Here is a summary of recent changes for DWScript, available in the SVN version:

  • faster: compilation is now about 30% faster in situations like that benchmark, thanks to a few bug fixes (typechecks were performed multiple times) and a couple tokenizer enhancements.
  • smaller: reduced memory usage for compiled scripts (about 15% in the infamous benchmark, which translates in an execution speedup of around 5% once a few hundred lines are involved).
  • safer: fixed an old issue with object reference cycles, which weren’t covered by the reference counting and thus could be leaked.
  • basic support for “for..in”, at the moment limited to the case of enumerations (for <element> in <enumeration>).
  • fixed compile error source locations for some issues, plus various minor fixes and enhancements.

DWScript preview 4

Last DWS preview zip was already a while back, so I posted a new preview zip of Delphi Web Script for the SVN-averse.
For the changes since the previous zip, you may want to check here, here and here), as while you’re at it, you may as well check the following:

  • reactivated the COM Connector, which allows to connect to arbitrary COM/OLE objects from within a script. More tests are required.
  • introduced initial support for the “in” operator, at the moment, it merely allows use of the “case..of” syntax in boolean expressions, with no specific optimizations f.i.
    if (n in [4, 6..8, 10]) then ...
    if (s in ['abc', 'def']) then ...
  • open arrays can now be declared in script functions, as “const someName : array of const” parameters. They behave like arrays of variants from a type-checking point of view.
  • added basic support for default values in the shorthand notation used to register internal functions, this is used for Inc and Dec at the moment.
  • introduced constant unification, this is both a memory and performance optimization, it’s still largely experimental at the moment.
  • various other optimizations and bug fixes.

Thanks go to Alexey Kazantsev for the testing efforts!

Optimizing for memory: a tighter TList

One of the memory hogs when you have object trees or graphs can be good old TList and its many variants (TObjectList, TList<T>, etc.).

This is especially an issue when you have thousandths of lists that typically hold very few items, or are empty.
In the DWS expression tree f.i. there are quickly thousandths of such lists, for local symbol tables, parameter lists, etc.

How much does a TList cost in terms of memory?

A TList holding a single item already costs you:

  • 4 bytes for the field in the owner object
  • 20 bytes for the TList instance
    • 8 hidden bytes: Monitor + VMT pointer
    • 12 field bytes: data pointer + Count + Capacity
  • 4 bytes for the data

So that’s 28 bytes, with two dynamically allocated blocks which, and those dynamic allocations, depending on your allocation alignment settings, can cost you something like an extra dozen of bytes (even with FastMM).

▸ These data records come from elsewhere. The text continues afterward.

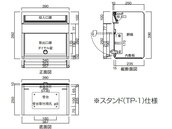 シンプル&モダン 郵便ポスト タマヤ 郵便ポスト 埋めこみタイプ(スタンドタイプ兼用) T42-2B 前入前出の通販は環境生活
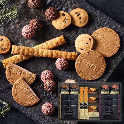●ロングスティックパイ×2、ゴーフレット(バニラ・ストロベリー)×各3、チョコクランチ(ミルク・ストロベリー)×各2、チョコチップクッキー×3
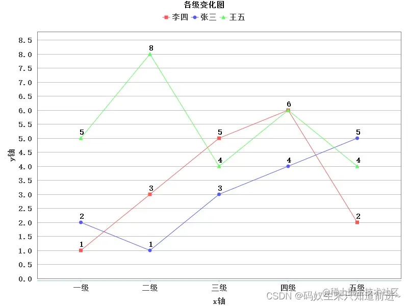 byte[] byteArray = GenerateChartUtil.createLineChart("各级变化图", legendNameList, xAxisNameList

What about the other TList variants?

  • TObjectList has an extra boolean field, which with alignment, costs an extra 4 bytes.
  • TList<T> has an instance size of 28 bytes, and a dynamic array storage with 8 hidden extra bytes (4 for length, 4 for the refcount).

Neither of these are better candidates for memory-efficient small lists.

Enter the TTightList

You can find TTightList in DWS’s dwsUtils unit.
For an empty list, the cost is 8 bytes, no dynamic memory, and for a list with a single item, 8 bytes still with no dynamic memory.
For a n-items list, the cost is 8 bytes plus one n*4 bytes dynamic block.

To achieve that, the TTightList makes use of two tricks:

  • it’s designed to be composed, and hosted as an object field
    • it’s a record-with-methods, not a class, but retains classic-looking use semantics (.Add, .IndexOf, .Clear etc.).
    • eliminates the need for a pointer to the instance in the host object
    • eliminates the dynamically allocated storage for the TTightList itself
  • if the Count is one, the array pointer itself points to the only item, rather than to a dynamically allocated block holding a pointer to the item.

The second trick is where we sacrifice a bit of performance, to save one dynamic allocation for lists holding a single item. Though if you benchmark the TTightList, you’ll see it holds its own fairly well against TList for the smaller item counts, which is what it was designed for.
That’s partly thanks to TList‘s own inefficiencies, and FastMM’s in-place reallocation (on which TTightLight relies, since it doesn’t maintain a capacity field).

Why no bytecode format?

A compiled script, a TdwsProgram, cannot be saved to a file, and will not ever be. Why is that?

This is a question that dates back to the first DWS, as it was re-asked recently, I will expose the rationale here.

  • DWS has a very fast compiler, there are no performance problems compiling scripts instead of loading a binary representation that has to be de-serialized. How fast is it? See below.
  • DWS lets you define custom filters, that enable you to encrypt your scripts easily, if hiding the script source is what you were after with the bytecode.
  • DWS compiler/parser portion is quite light (currently less than 75kB), especially compared to the size of the Delphi libraries you will be using for the runtime. You probably will not notice it in the EXE size once you expose more than a few trivial libraries.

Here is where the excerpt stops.